I am a developer from Civolution France, a company specialized in video application.
We are new to CUDA development, but we aim to develop an application which will decode a H.264 stream insert a logo on it and re-encode the video to a new H.264 stream.
As we need high velocity for this application, we want t use the CUDA technology to speed up the decoding and encoding process.
We have identify a H.264 encoder SDK, provided by MainConcept, which is based on CUDA. For de decoding process, we tried to use the NVCUVID API from NVIDIA, which seems to be quite fast for decoding H.264 stream.

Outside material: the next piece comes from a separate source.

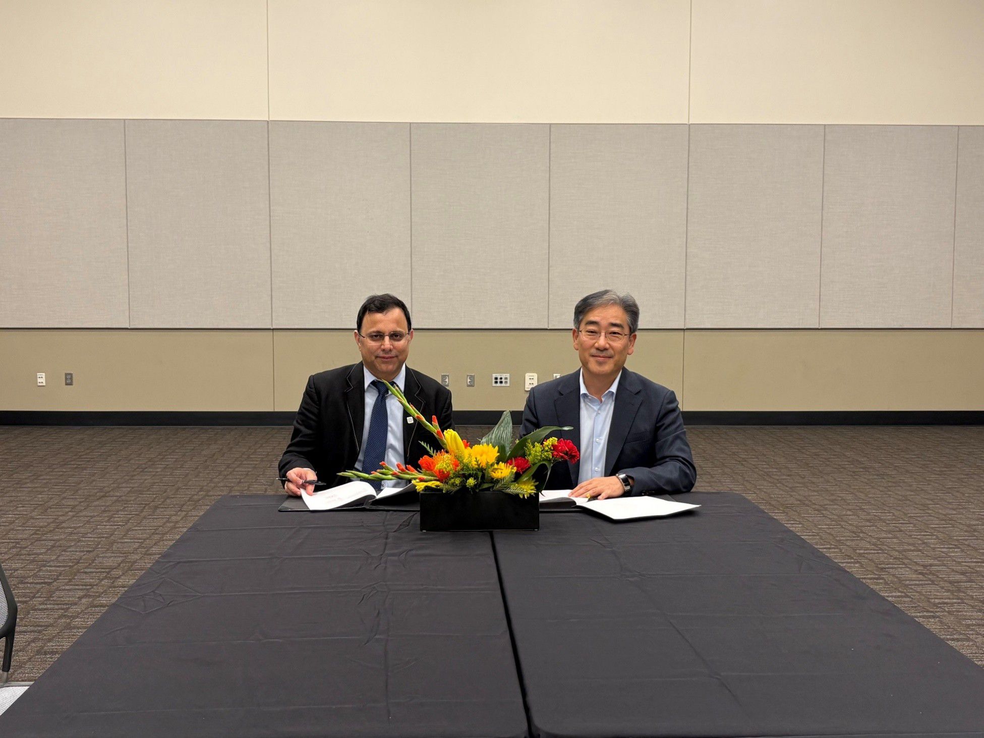 Sanjay Kotha, Global Business Director, CMP Technologies, Qnity™, DuPont Electronics (left) and SeongHan Kim, EVP, Head of Procurement, SK hynix, participated in the signing ceremony on Oct. 7, 2025, during SEMICON West in Phoenix, Ariz.
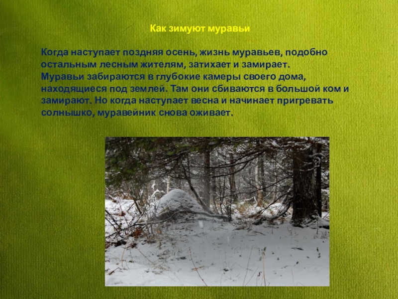 Муравьи забираются в глубокие камеры своего дома, находящиеся под землей. Там они сбиваются в большой ком и замирают. Но когда наступает весна и начинает пригревать солнышко, муравейник снова оживает.

So, for test purpose, I started from the cudaDecodeGL sample provided by NVIDIA and I integrated in this sample the call to the Mainconcept SDK to encode to a new H.264 stream.
Whe using only one board (tested ith GeForce 470 and Tesla C2050), the results obtained by this test program are quite good.
My problem comes when I want to start several instances of the program simultaneously using different board. For doing this tests, we had access to a server with 8 Tesla C2050 board inside (running Windowq 7 Professionnal). Our test program (through command line option) allows to define which card to use for the process. So I created a .bat file which runs 8 instances of the test program (one instance for each Tesla board). When I tried to run the .bat file, the PC freezed and I got a bluescreen and reboot.
When I run only one instance of the program, everything is fine, whatever the Tesla board I use. I have done another test then. I introduced a pause command in the .bat file between each launch of the test program so that the program are not run simultaneaouly. I did not get any blue screen then, but some of the test program instances returned error code or crashed (this can work up to 4 or 5 instances, but all others return errors or crash).
So I tried to do my tests using the cudaDecodeGL sample from NVIDIA (modified so that I can specify a specific device to run on), and I got the same results.
I tried also to remove the OpenGL code from this sample (as we do not need display with our case), but with the same result (one instance work file, several instances does not - can be fine up to 4 or 5 instance but no more).
I have no idea where the problem is.
Does anyone know if there is some limitation concerning the nvcuvid API ? Is this supposed to run simultaneaouly on several nvidia board ?
If yes, can anyone provide me with a simple sample code doing this (as we do not need display, we do not need to use the OpenGL code).